Task prompt -> Print the records below exactly, from the line containing "ビルには地元商社の本社が入る" down to the line containing "Um cartão de", both lines included, and omit every picture.

Saved data entries
=== Section Start ===

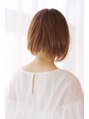小顔を作る前下がりのイレギュラーなボブカットのフェイスラインで似合わせ、ゆるやかに変化するグラデーションカラーでナチュラルな甘さを演出します。
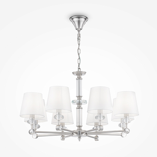 Материал арматуры – нержавеющая сталь, цвет – хром. Материал абажуров – текстиль на ПВХ, цвет – белый. Декор – прозрачное стекло. Акцентные стеклянные кристаллы на рожках со сложной огранкой.
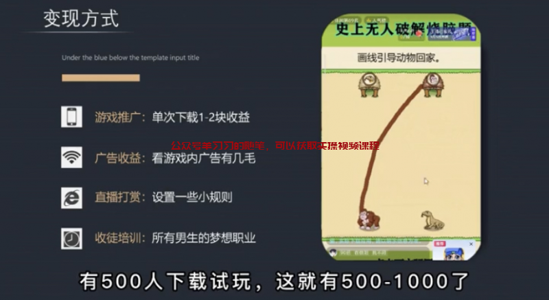 烧脑游戏直播变现的主要方法就是右下角挂着的那个游戏链接,别人点击了下载,一般都有50%-60的佣金,一次下载,咱们一般会有1-2块的收入,500个人下载就有500-1000的收入了
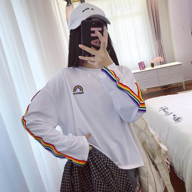 Vanessawang Women Loose Rainbow Shirt Letter Embroidery Long Sleeve Blouse Casual Stripe Top
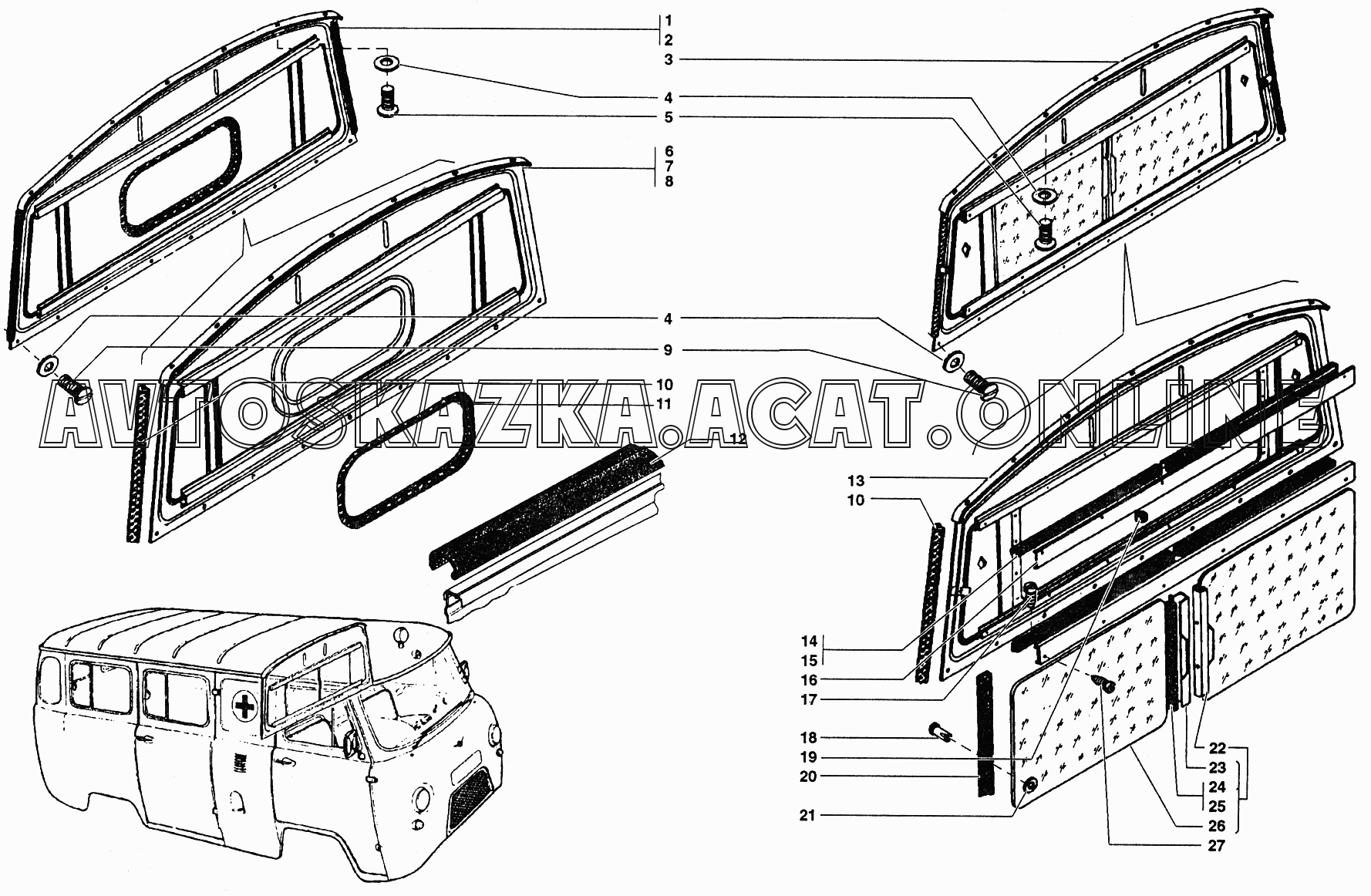 Перегородка кузова в сборе и окно перегородки УАЗ 37419 (374194 (Euro-2), 374194 (Euro-3), 374195 (Euro-2), 374195 (Euro-3))
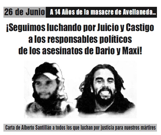 El próximo 26 de junio se cumplirán 14 años de la "Masacre de Avellaneda", donde la policía reprimió brutalmente una manifestación de trabajadores desocupados y organizaciones que luchaban por trabajo digno para todos. Con un despliegue enorme de la policía atacaron con palos, balas de plomo y de goma y gases lacrimógenos a miles de trabajadores, mujeres y niños que querían subir al Puente Pueyrredón a manifestarse.
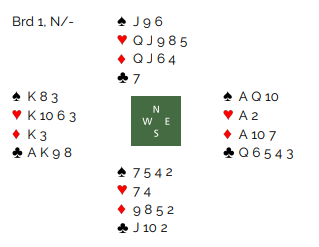 Makkeren min hadde meldt spar på veien, men Espen vant meldingene med 3NT i syd. 4 hj var vanligere, men ofte bet. Derfor var Espen allerede i en gunstig posisjon.
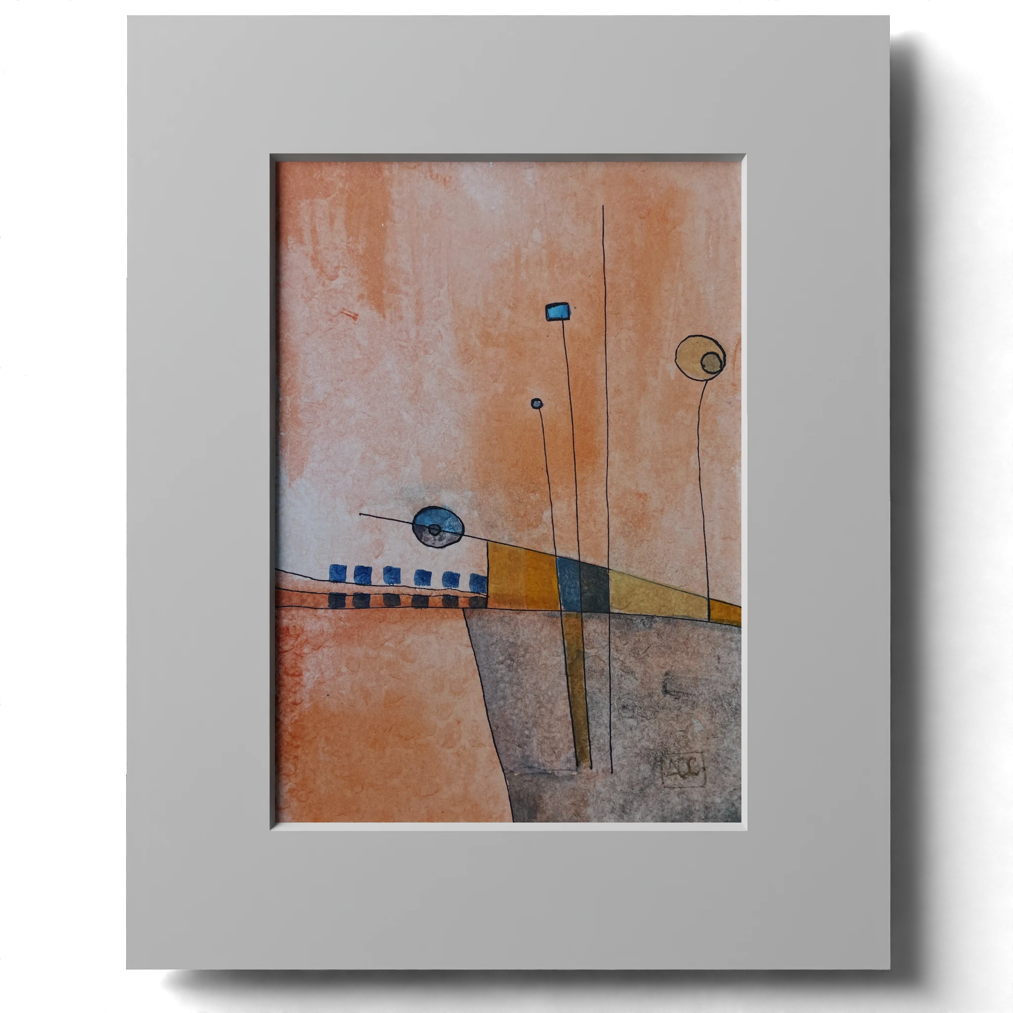 Ab+ – Research on Harmony Watercolor on paper, 16x24cm Arnaud Quercy Creations / AQC0674 / 2024 This painting explores the harmony of the Ab+ (A flat Augmented or #5) chord through the interplay of colors: Blue (Ab), Red (C) and Yellow (E). By translating musical notes into visual elements, the artist bridges sound and sight, creating a harmonious composition that reflects the essence of Ab Major. The geometric shapes and layered colors symbolize the structured yet expressive nature of musical harmony, offering a visual representation of auditory beauty. This piece is part of the synesthetic collection where the artist maps colors to the circle of fifths, merging the sensory experiences of color and music.
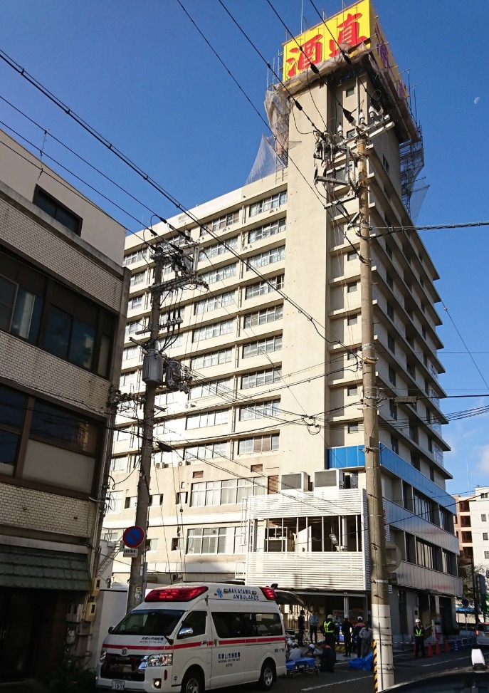 ビルには地元商社の本社が入る。和歌山西署や同社によると、最上部から道路までは40メートル以上。最上部で9月上旬から商社の看板の補修工事が行われ、現在は工事が終了し、足場の解体作業中だった。15日の午前中にも同様に鉄パイプが落下する事故があったという。
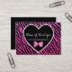 Um cartão de visita de boutique preto e cor-de-rosa brilhante com uma marca-zebra cor-de-rosa tenra e coração feminino. Personalize esses cartões de visitas de impressão de animais cor-de-rosa glamourosos com uma fita rosa-quente fofinha engraçada amarrada em um arco, adicionando o nome do seu compro de moda e site. Imagem impressa plana, NÃO com brilho ou fita real.
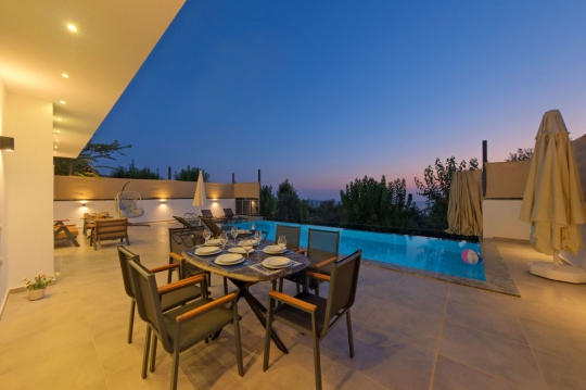 Villa Hesperos, 6 kişilik kapasiteye sahip villada 3 yatak odası yer alıyor. Villanın birer banyosu ve jakuzisi mevcut. Açık mutfağı ve kendine ait bahçesinde bir havuzu var. Mutfağında bulaşık makinesi, buzdolabı, ankastre fırın, tost makinesi ve mutfakta ihtiyaç olan hemen hemen bütün gereçler bulunuyor. Barbekü, masa, sandalyeler, şezlonglar ve şemsiyeler bahçe keyfini sınırsız yaşamanıza imkan tanıyor. Salonunda oturma grubu, televizyon, eşyalar bulunurken, tüm odalar için ayrı klima imkanı var.
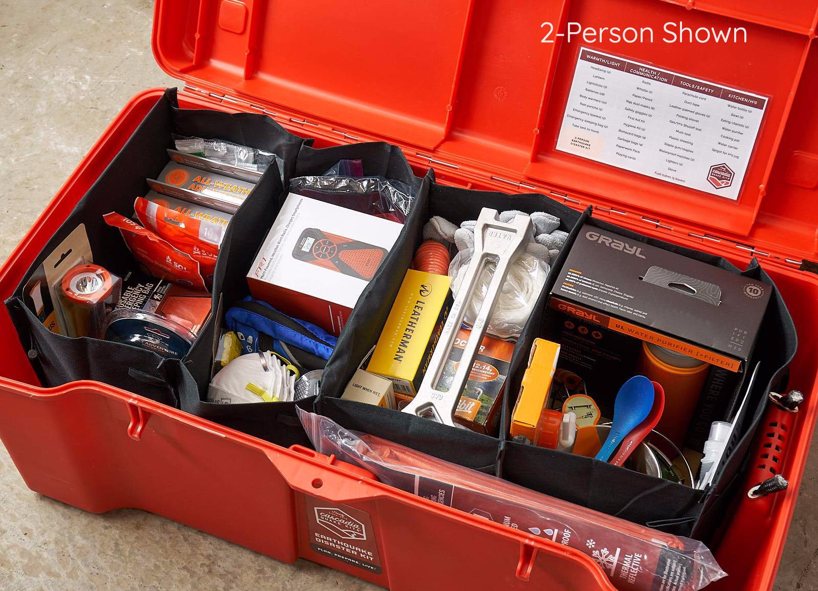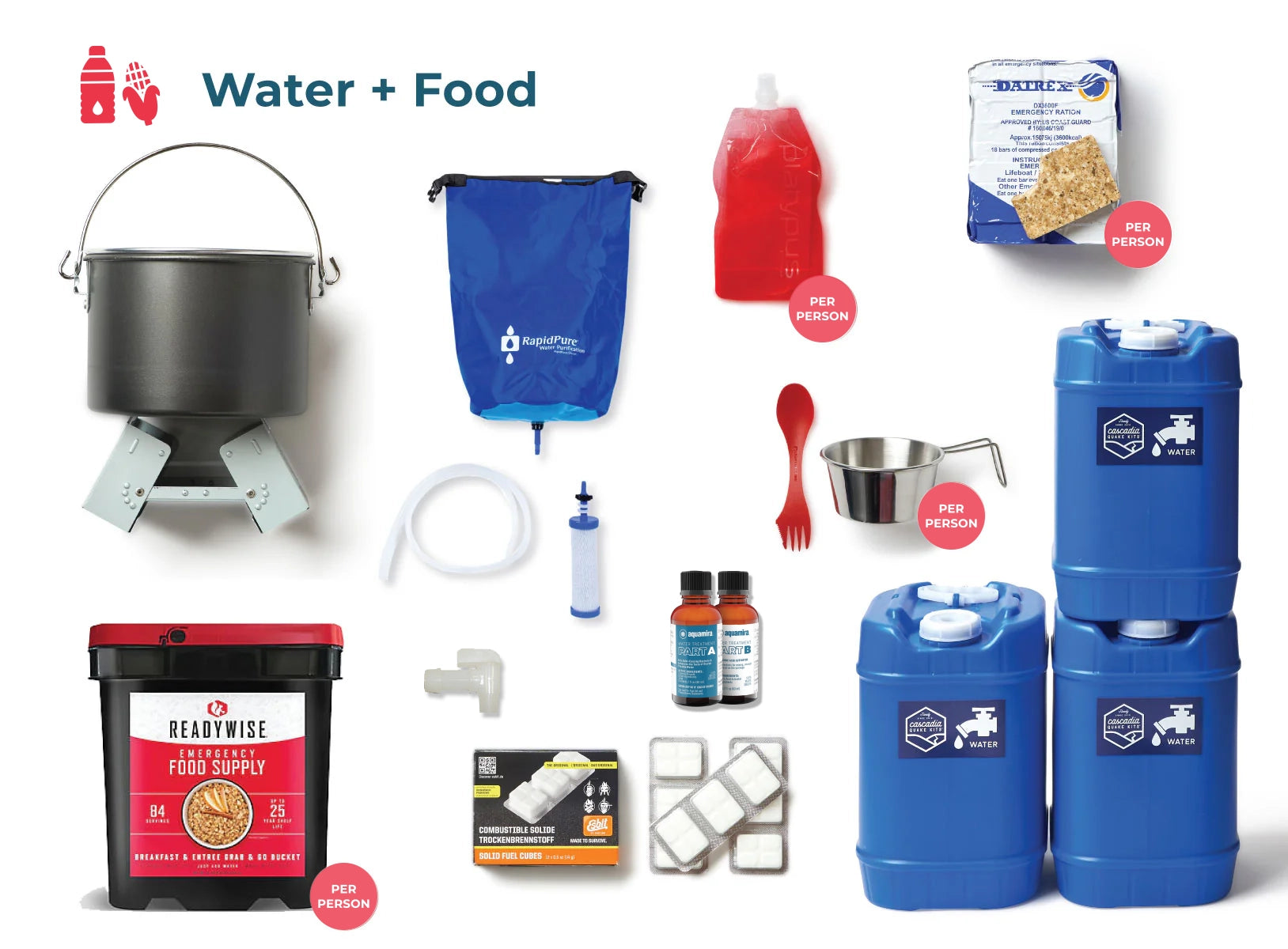 A Well-Equipped Solution for 2 Weeks Ready. The Comprehensive Kit follows the specific recommendations from the State of Oregon, Washington, and the Red Cross Cascades Region for 2 Weeks Ready — equipped to meet key needs for food, water, safety, and sanitation during a disaster. The Comprehensive Kit, our original offering, includes recommended supplies for the first two weeks after a disaster — such as cooking equipment, hearty freeze-dried meals with a 25-year shelf life, a high-capacity water purifier, basic emergency shelter items, multiple light sources, and a proven emergency toilet system. (See full kit contents below.) Equipped with essential tools and resources, the Comprehensive Kit helps you navigate the critical first two weeks following a major disaster with confidence and peace of mind.
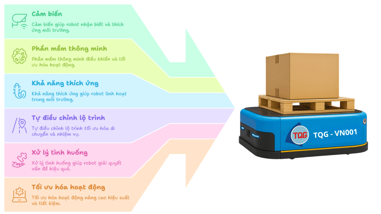 Trong các hệ thống tự động, robot tự hành mang lại nhiều lợi ích rõ rệt như giảm chi phí nhân công, nâng cao năng suất và đảm bảo độ chính xác trong vận hành. Các đặc điểm nổi bật gồm khả năng hoạt động liên tục, thích nghi nhanh với thay đổi môi trường, khả năng tải trọng lớn và hoạt động trong nhiều điều kiện môi trường khác nhau từ công nghiệp nặng đến trong nhà máy điện tử, kho hàng logistics hay trung tâm thương mại.
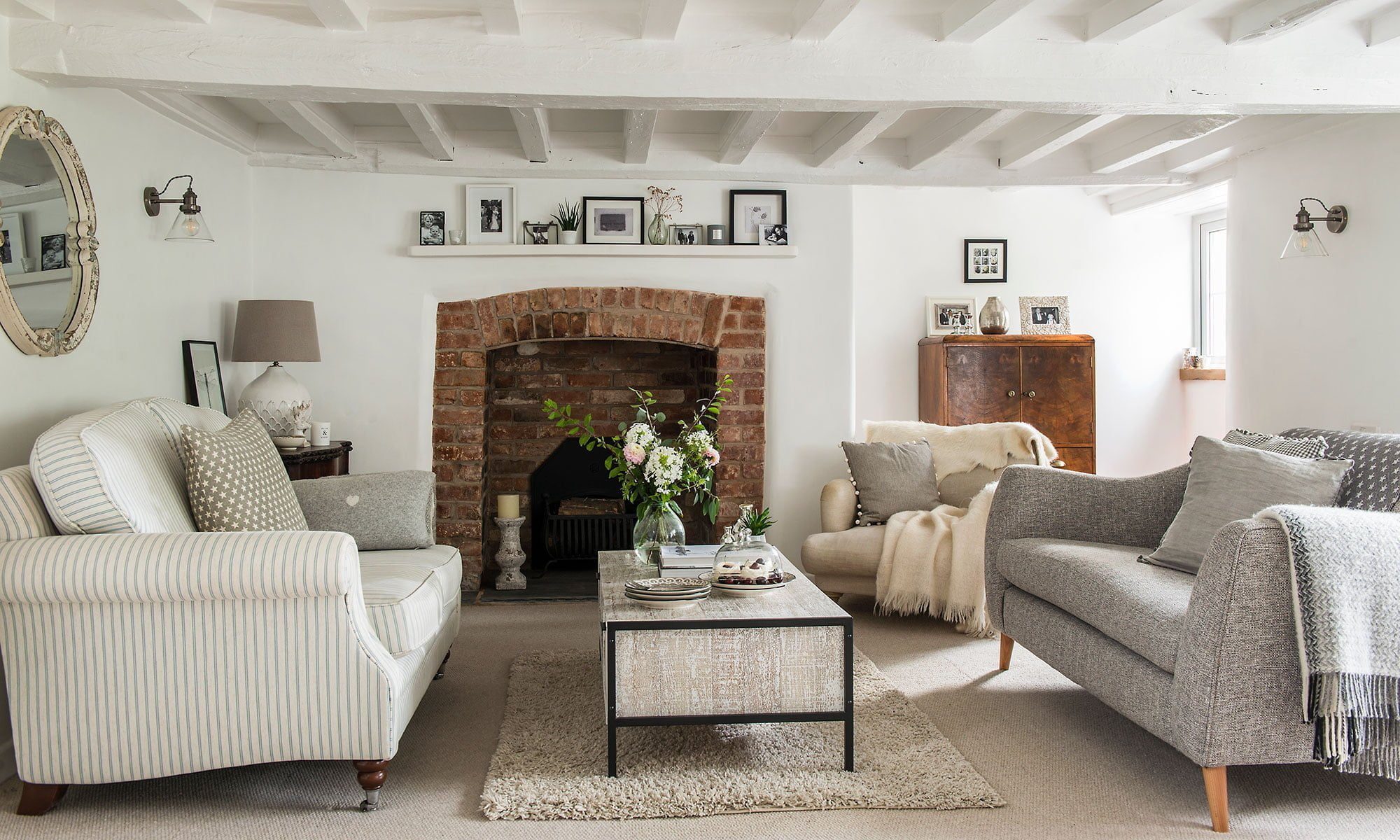 Melukis balok langit-langit rendah berwarna putih telah meringankan ide ruang tamu pedesaan. Sentuhan abu-abu, kelabu tua dan hitam di seluruh rumah, bersama dengan barang antik dan pusaka, menanamkan skema putih cemerlang dengan karakter.

=== Section End ===

Exercise response ->
 ビルには地元商社の本社が入る。和歌山西署や同社によると、最上部から道路までは40メートル以上。最上部で9月上旬から商社の看板の補修工事が行われ、現在は工事が終了し、足場の解体作業中だった。15日の午前中にも同様に鉄パイプが落下する事故があったという。
 Um cartão de visita de boutique preto e cor-de-rosa brilhante com uma marca-zebra cor-de-rosa tenra e coração feminino. Personalize esses cartões de visitas de impressão de animais cor-de-rosa glamourosos com uma fita rosa-quente fofinha engraçada amarrada em um arco, adicionando o nome do seu compro de moda e site. Imagem impressa plana, NÃO com brilho ou fita real.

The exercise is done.